**Dataset entries**:
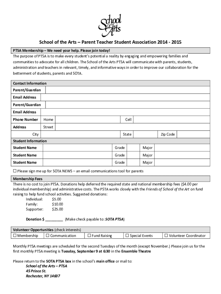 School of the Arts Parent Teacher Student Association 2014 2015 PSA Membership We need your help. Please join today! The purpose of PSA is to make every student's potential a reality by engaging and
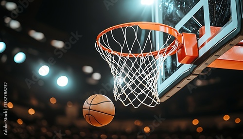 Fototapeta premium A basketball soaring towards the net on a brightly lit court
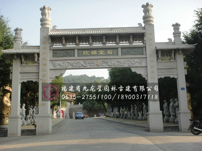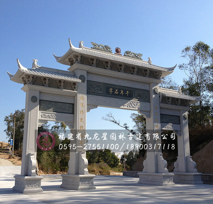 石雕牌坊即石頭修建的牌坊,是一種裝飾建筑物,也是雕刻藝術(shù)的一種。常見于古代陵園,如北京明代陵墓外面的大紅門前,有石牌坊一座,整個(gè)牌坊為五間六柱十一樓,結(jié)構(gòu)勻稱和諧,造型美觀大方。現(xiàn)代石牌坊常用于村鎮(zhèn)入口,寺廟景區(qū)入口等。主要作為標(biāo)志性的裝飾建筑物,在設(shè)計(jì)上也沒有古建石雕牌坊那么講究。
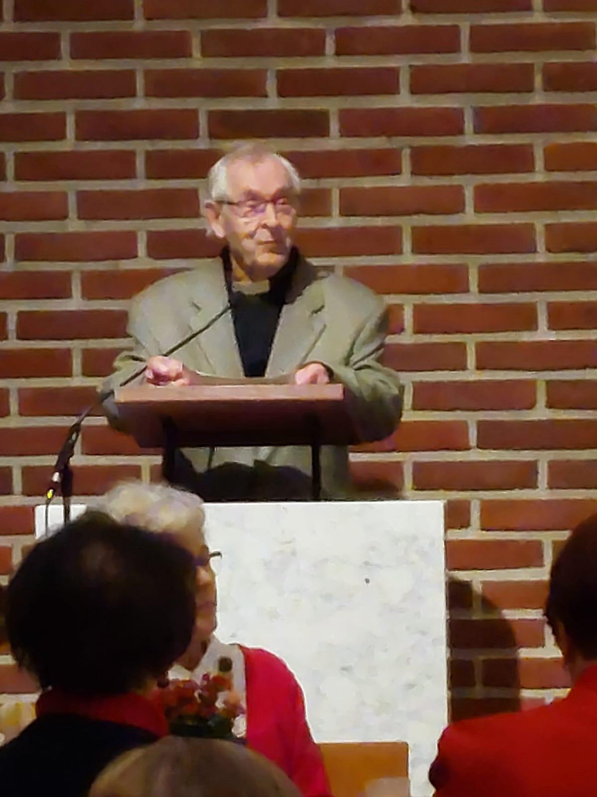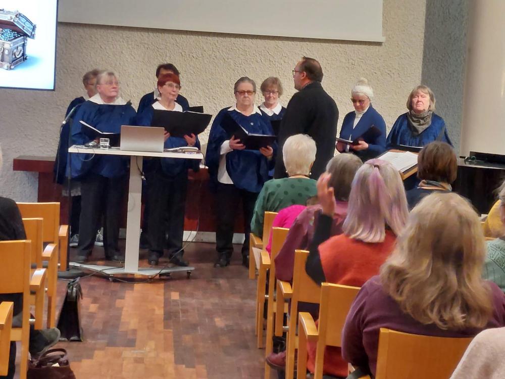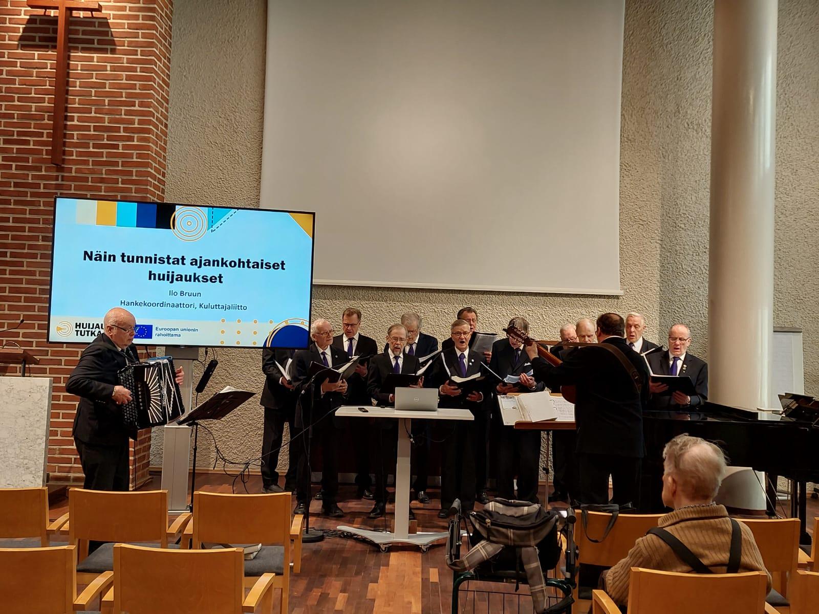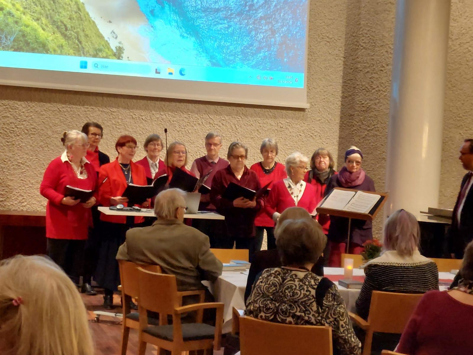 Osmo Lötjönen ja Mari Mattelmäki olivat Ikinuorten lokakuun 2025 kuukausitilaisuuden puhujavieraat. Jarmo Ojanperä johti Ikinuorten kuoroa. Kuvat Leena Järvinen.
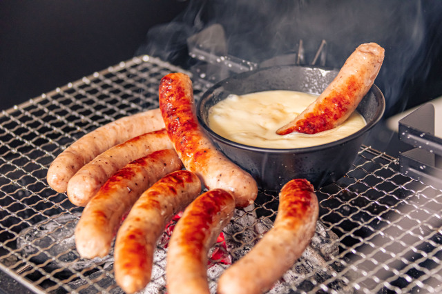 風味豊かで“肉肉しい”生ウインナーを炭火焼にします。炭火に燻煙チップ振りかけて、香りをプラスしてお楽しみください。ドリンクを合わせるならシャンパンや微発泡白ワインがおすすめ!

**Task**: Take the line containing "石雕牌坊即石頭修建的牌坊,是" and every line after it up to the end of the entries, and quote them exactly. Both ends count; the pictures do not.

**Solved problem**:
 石雕牌坊即石頭修建的牌坊,是一種裝飾建筑物,也是雕刻藝術(shù)的一種。常見于古代陵園,如北京明代陵墓外面的大紅門前,有石牌坊一座,整個(gè)牌坊為五間六柱十一樓,結(jié)構(gòu)勻稱和諧,造型美觀大方。現(xiàn)代石牌坊常用于村鎮(zhèn)入口,寺廟景區(qū)入口等。主要作為標(biāo)志性的裝飾建筑物,在設(shè)計(jì)上也沒有古建石雕牌坊那么講究。
 Osmo Lötjönen ja Mari Mattelmäki olivat Ikinuorten lokakuun 2025 kuukausitilaisuuden puhujavieraat. Jarmo Ojanperä johti Ikinuorten kuoroa. Kuvat Leena Järvinen.
 風味豊かで“肉肉しい”生ウインナーを炭火焼にします。炭火に燻煙チップ振りかけて、香りをプラスしてお楽しみください。ドリンクを合わせるならシャンパンや微発泡白ワインがおすすめ!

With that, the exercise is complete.